Exercise brief | Without including any pictures, copy every line below exactly.

Data shown |
══════════

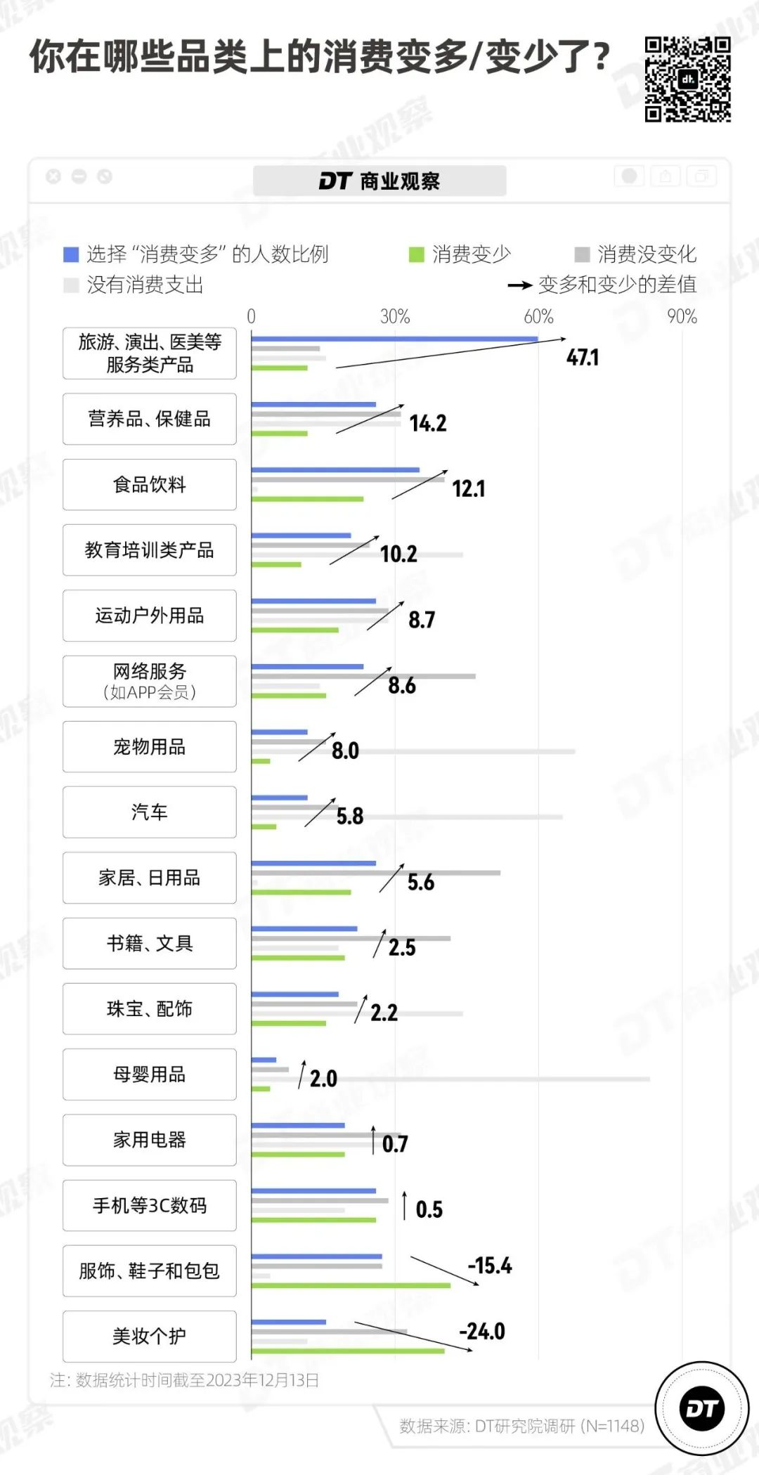 最明顯的是,在旅游、演出、醫(yī)美體驗等服務(wù)類產(chǎn)品上,開支變多。
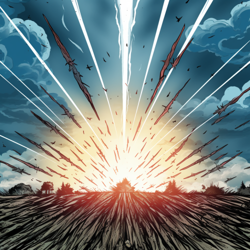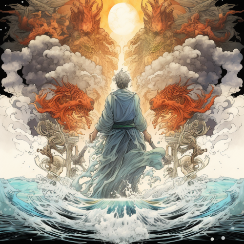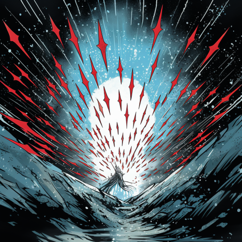 Vidar, nordic god, great red beard and hair, tattoos in her arms, lightnings in his eyes, has a battleaxe in his hands. Background: sky full of clouds and hellfire. comic style. --v 5.0
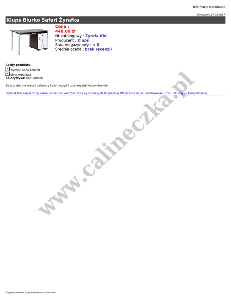 Informacje o produkcie Utworzono 07-03-2017 Klupś Biurko Safari Żyrafka Cena : 448,00 zł Nr katalogowy : Żyrafa Kid Producent : Klupś Stan magazynowy : < 0 Średnia ocena : brak recenzji Cechy produktu: wymiar 76,5x120x60 pl płyta meblowa Kolorystyka: ecru-orzech Ze względu na wagę i gabaryty koszt wysyłki ustalany jest indywidualnie. w w w .c al in ec zk a. Produkt ten kupisz w tej samej cenie bez kosztów dostawy w naszych sklepach w Warszawie na ul. Grochowskiej 178 i 180 róg ul. Garwolińskiej. Wygenerowano w programie www.oscGold.com
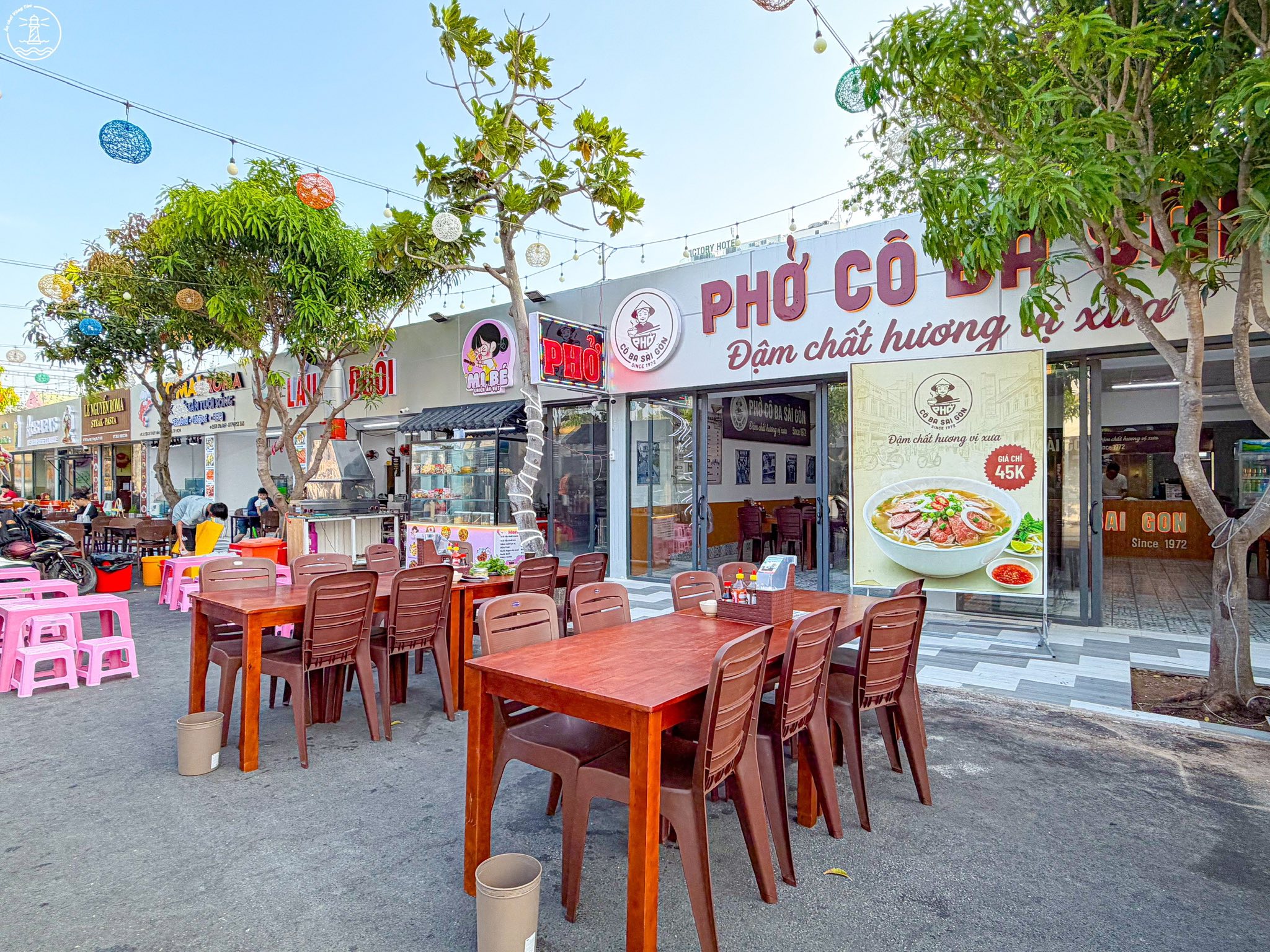 Khu vực ngoài trời thoáng mát, đặc biệt vào buổi tối khi chợ đêm hoạt động sẽ rất nhộn nhịp và sôi động. Đây là nơi lý tưởng cho những ai thích vừa ăn vừa tận hưởng không khí phố biển.

══════════

Completed exercise |
 最明顯的是,在旅游、演出、醫(yī)美體驗等服務(wù)類產(chǎn)品上,開支變多。
 Vidar, nordic god, great red beard and hair, tattoos in her arms, lightnings in his eyes, has a battleaxe in his hands. Background: sky full of clouds and hellfire. comic style. --v 5.0
 Informacje o produkcie Utworzono 07-03-2017 Klupś Biurko Safari Żyrafka Cena : 448,00 zł Nr katalogowy : Żyrafa Kid Producent : Klupś Stan magazynowy : < 0 Średnia ocena : brak recenzji Cechy produktu: wymiar 76,5x120x60 pl płyta meblowa Kolorystyka: ecru-orzech Ze względu na wagę i gabaryty koszt wysyłki ustalany jest indywidualnie. w w w .c al in ec zk a. Produkt ten kupisz w tej samej cenie bez kosztów dostawy w naszych sklepach w Warszawie na ul. Grochowskiej 178 i 180 róg ul. Garwolińskiej. Wygenerowano w programie www.oscGold.com
 Khu vực ngoài trời thoáng mát, đặc biệt vào buổi tối khi chợ đêm hoạt động sẽ rất nhộn nhịp và sôi động. Đây là nơi lý tưởng cho những ai thích vừa ăn vừa tận hưởng không khí phố biển.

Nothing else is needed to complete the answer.